Grassley Questions Repeated Delays of Popular Tax Relief
Statement of Senator Chuck Grassley
Chairman, Committee on Finance
Floor Debate on Appointing Conferees on Tax Relief Reconciliation Bill
Monday, Feb. 13, 2006
Earlier this month, we began and finished the second floor debate on the tax relief reconciliation bill.
At that time, I spoke in recognition of Groundhog Day. I have next to me a portrait of Punxsutawney
Phil. In thinking of Phil and his unique form of weather report, I also thought of the popular film
titled “Groundhog Day” starring Bill Murray, in which a man relives the same day, Groundhog Day,
over and over again. This film has taken on greater significance for me as I seem to be in a similar
situation. More than just a sense of déjà vu, I feel like I am reliving a couple of past experiences.
I’ve got another chart. This chart shows a scene from the Bill Murray movie -- Groundhog Day. If
you take a look, you’ll see the Groundhog, our friend, Phil driving and Bill Murray is helping Phil
drive. Bill Murray is kind of the co-pilot. Phil is driving the car. As I said above, I feel like Bill
Murray’s character in the movie. It seems that we are re-living the same events over and over again.
We are going through the same debates over and over again. We had these same debates just a
couple of weeks ago.
Let me summarize the floor process we have been through on this bill. At 11:08 a.m. on Wednesday,
February 1, 2006, I opened the second Senate floor debate on this bill. The final roll call vote on final
passage occurred at 9:42 p.m. on Thursday, February 2, 2006. That day was Groundhog Day, by the
way. Three Senators were not here for the vote on final passage. There were a total of 8 roll call
votes, including the vote on final passage. You’ll recall the debate earlier this month comes on top
of the debate we had in November on the same bill.
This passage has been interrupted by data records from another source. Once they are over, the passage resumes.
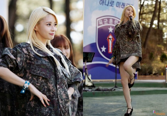 진짜 여군이 이렇게 섹시하고 멋질수 있을까? 걸그룹 헬로비너스의 늘씬 미녀 멤버 나라의 군복 패션이 네티즌 사이에서 꾸준히 화제를 모으고 있다. 야전 상의를 폼나게 걸친 나라가 하의실종 패션으로 군부대 위문공연을 펼니는 모습이다.
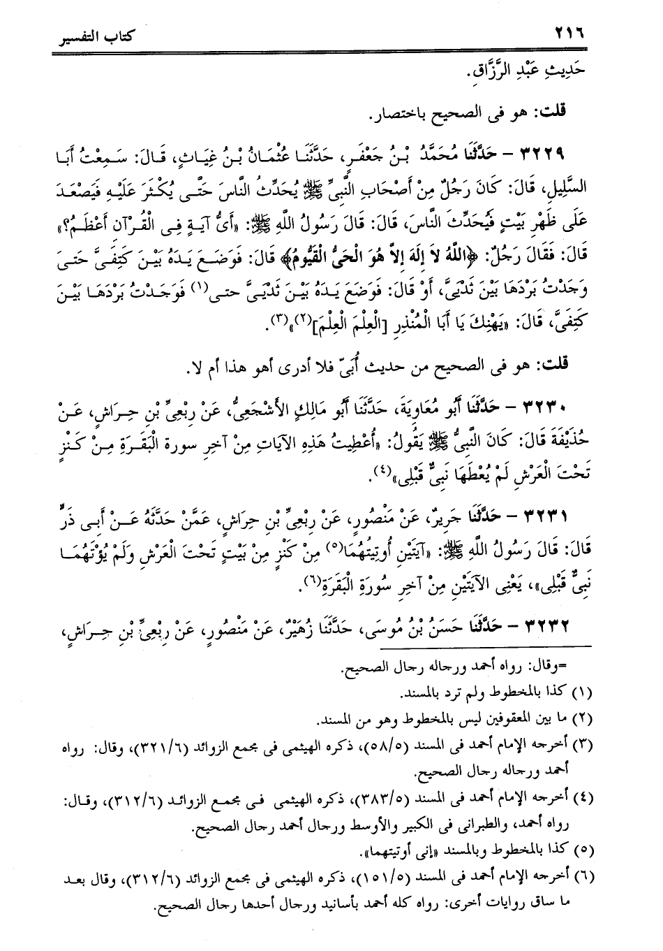 3230 - حَدَّثَنَا أَبُو مُعَاوِيَةَ، حَدَّثَنَا أَبُو مَالِكٍ الأَشْجَعِىُّ، عَنْ رِبْعِىِّ بْنِ حِرَاشٍ، عَنْ حُذَيْفَةَ قَالَ: كَانَ النَّبِىُّ صلى الله عليه وسلم يَقُولُ: أُعْطِيتُ هَذِهِ الآيَاتِ مِنْ آخِرِ سورة الْبَقَرَةِ مِنْ كَنْزٍ تَحْتَ الْعَرْشِ لَمْ يُعْطَهَا نَبِىٌّ قَبْلِى.
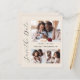 Esta sencilla y minimalista tarjeta Save the Date incluye un collage de fotos, con una foto horizontal en la parte superior y dos fotos cuadradas en la parte inferior. Las palabras "Save the Date" se ejecutan verticalmente en el margen izquierdo en un guión elegante de escritura a mano en negro. Los nombres de la pareja, la fecha boda y la ciudad aparecen en medio de las fotos en una fuente sans serif negra en un fondo beige. Agregue un mensaje más detallado con información adicional en la parte posterior, junto con un código QR para ayudar a sus invitados a visitar el sitio web de su boda.
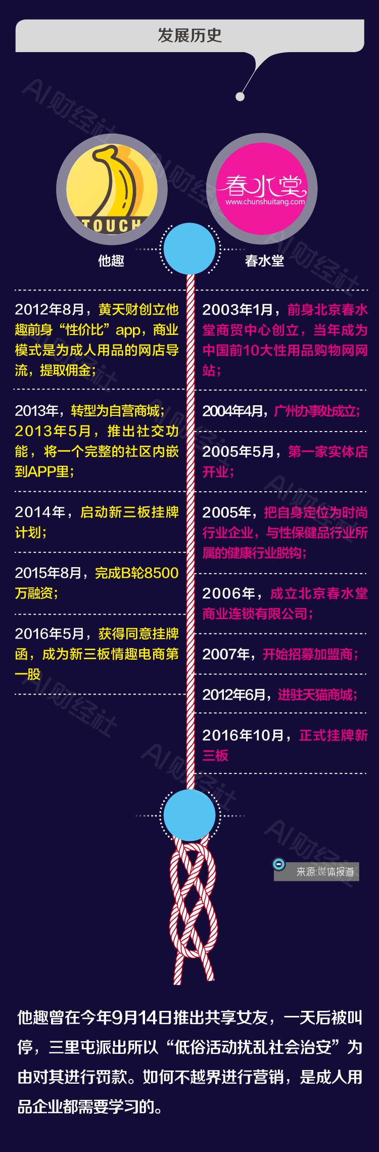 与成人用品实体店进入中国的艰难曲折相比,成人用品电商在中国的发展格外顺利。1999年,国内最早的B2C电商8848上线,一年后,中国首批成人用品电商陆续开始运营。2016年一年间,爱侣健康、他趣、桃花坞、春水堂这四家情趣产业公司先后登陆新三板。易观智库发布的《2017中国情趣电商市场分析报告》显示,2016年我国情趣用品B2C企业交易规模突破了100亿元,较上一年增长88.7%,预测2019年中国情趣用品市场规模将达到389.2亿元。
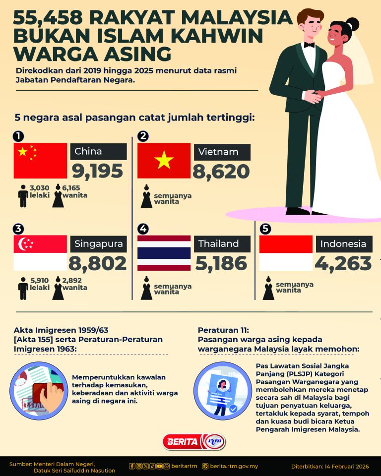 55,458 RAKYAT MALAYSIA BUKAN ISLAM KAHWIN WARGA ASING

At 3:35 p.m. on Wednesday, November 16, 2005, we took up S.2020: The Tax Relief Act of 2005.
For 20 hours on Wednesday, Thursday, and into Friday, we debated this bill. A total of 80
amendments were filed and 7 of them were agreed to. This liveliness culminated in 18 roll call votes.
The final vote on final passage came at 12:05 a.m. Friday morning, the 18th of November. According
to the Secretary of the Senate, at least 97 of us were there for that vote, so I must not be the only one
reliving that experience. For the record, I should clarify that Senator Menendez was not a senator
during the first debate. Senator Menendez was here for the second debate because he joined the
Senate after the first bill passed. So, maybe the second debate wasn’t “old hat” to him.
Here are the two bills. The bill we first debated in November and passed back then is S.2020, the
“Tax Relief Act of 2005.” The Senate passed the second bill on February 9, 2006. That bill is H.R.
4297, as amended, is also the “Tax Relief Act of 2005.” The first bill, S.2020, as passed on
November 17, 2005, is 417 pages long. The second bill, HR 4297, as amended, is 363 pages long.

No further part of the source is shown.